Now this might not typically be what you want, and so if you find yourself needing to repeatedly ask the lazy collection to calculate its result, there's a way to make sure that that happens just once.

We can ensure that the lazy collection is iterated exactly once by creating a new nonlazy collection from the lazy, and when you do this, it will still defer to the lazy collection, but now the iteration will proceed through the entirety of your underlying collection, producing essentially, you know, the nonlazy version of that lazy calculation.

And so in this case, we get an array containing the string gummy bears.

And if we print the first element of that ray, we don't need to consult the closure at all or the lazy collection at all.
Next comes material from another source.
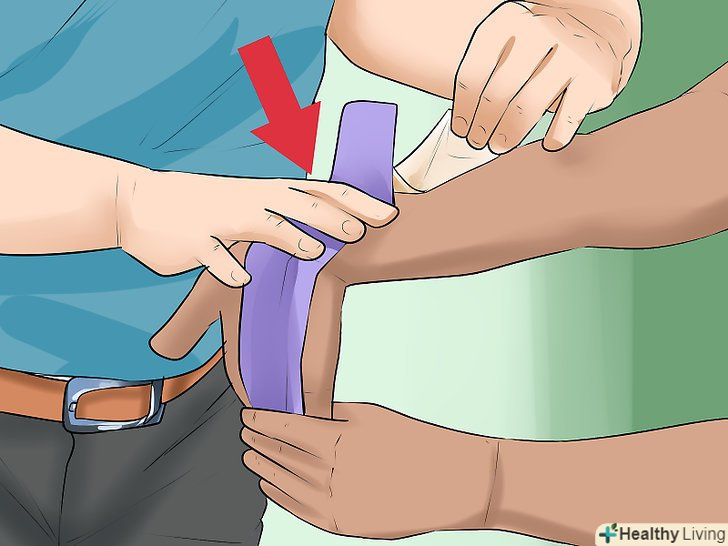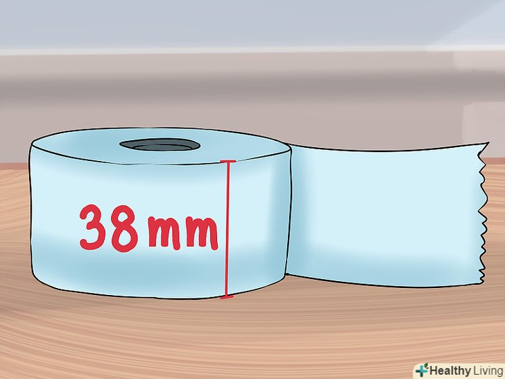 Знайдіть відповідну стрічку.для даного методу вам знадобиться клейка жорстка (нерастягивающаяся) спортивна стрічка шириною близько 38 міліметрів. Під цю стрічку слід підкладати гіпоалергенну пов'язку. Ця пов'язка допоможе запобігти роздратування шкіри від спортивної стрічки.[10]- Щоб уникнути болю в подальшому, можна видалити волосся на зап'ясті і тильній стороні долоні. Зробіть це хоча б за 12 годин до того, як накладати стрічку.

We basically stamped out the laziness and now have an eager array.

So when should we be lazy?

Well, lazy collections are a really great way to eliminate the overhead of chained maps and filters.

They excel when you find yourself only needing part of the result of a collection calculation, or we should avoid using lazy if your closures have side effects, and your closures should rarely have side effects.

And be sure to reify back, or I should say, be sure to consider reifying back into a regular collection when you cross API boundaries.

Lazy should often be an implementation detail.

Now up until now, we've been able to do a lot of cool things with just mutable collections, but of course Swift lets us mutate our collections as well.

Let's talk about the two kinds of collections that we haven't talked about yet.

The first of these is mutable collection.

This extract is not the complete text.